Does the President really have the time to focus on this issue? Especially with the war in Iraq. Plus, this is an election year. This issue of Comcast/Disney pales in comparison.


----------



## openhouse (Jan 25, 2003)

this is really interesting.


----------



## BobMurdoch (Apr 24, 2002)

uncdanwrong said:


> It may not be Bush's fault (Clinton signed cable deregulation into law) but he's not showing any leadership on the issue. While it may not be fair, Joe Six-Pack is a lot more likely to kick Bush out of office over rising cable rates than the war in Iraq. The other guy may be the Senator who received more money than any other Senator in the past 15 years but Bush will be viewed as the one who's in bed with special interests and out of touch.


(crickets chirp)

!rolling

OK, I'm not enamored with either one of the candidates, but that paragraph is SOOOOOO out in left field I don't know where to begin.

(Why am I hearing that Korean Kid from American Idol singing in my head....

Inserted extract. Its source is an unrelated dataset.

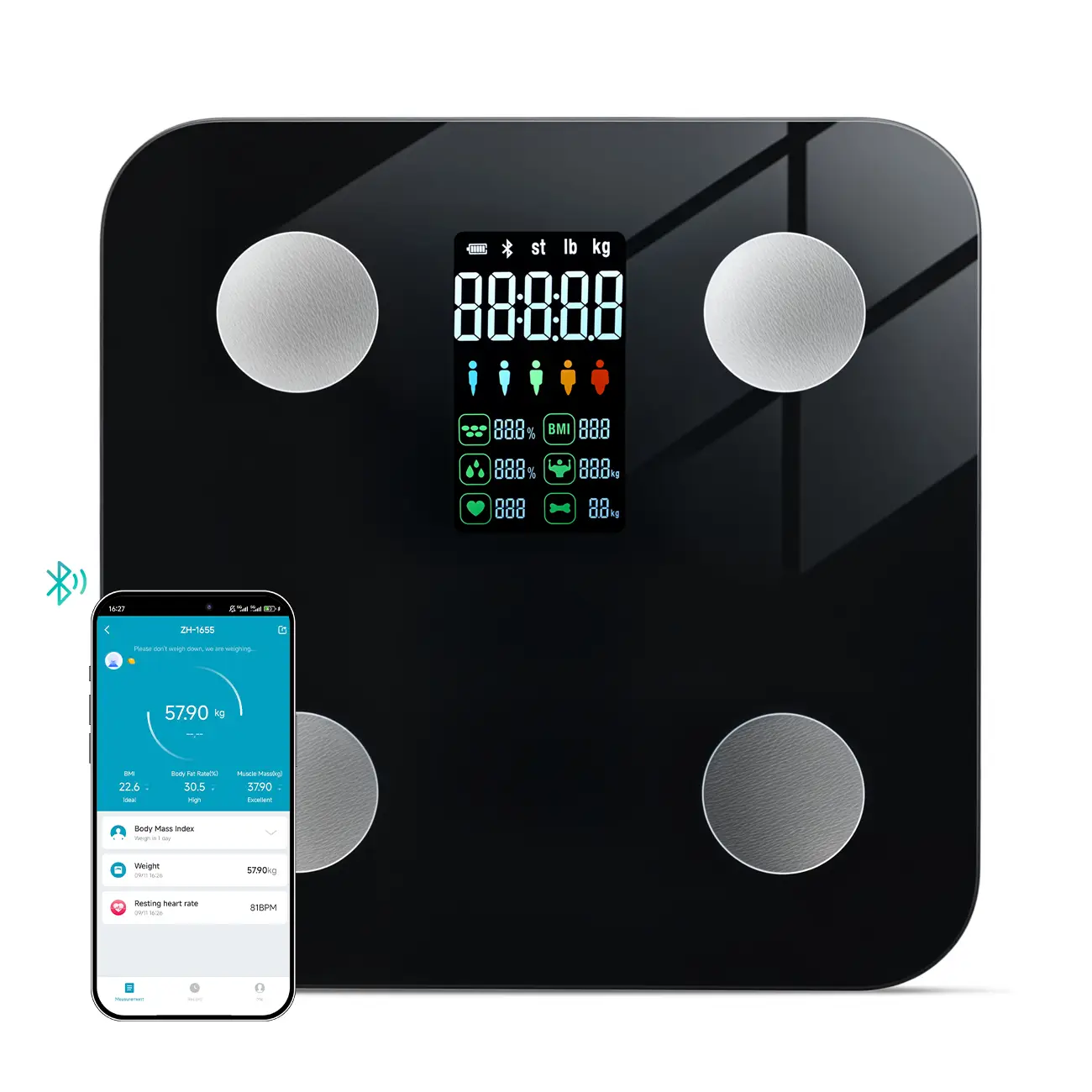 Sparoma ZJ08 Digitale Körperanalysewaage mit Farb-LCD – Batteriebetrieben (4×AAA Nicht Enthalten), Bluetooth Körperfett- & Herzfrequenzmessung mit App-Verbindung

"She Bangs.... She Bangs....")


----------



## pez2002 (Dec 13, 2002)

they better not chance the namre of disneyworld to 

Comcastworld 


BTW i wanna go back to disneyworld have not been there since 1996


----------



## Nick (Apr 23, 2002)

"Breaking New!"

According to the ever-reliable Dredge Report, when Dish acquires Disney, the new conglomerate will be called "Dishney" and cartoon monkeys will come flying out of Charlie's butt.

:lol:


----------



## Mike Richardson (Jun 12, 2003)

Nick said:


> cartoon monkeys will come flying out of Charlie's butt.


Replays of this will be available on the new adult channel featuring your favorite Disney characters. This channel will only be available to those living simultaneously in California and Texas at the same time.


----------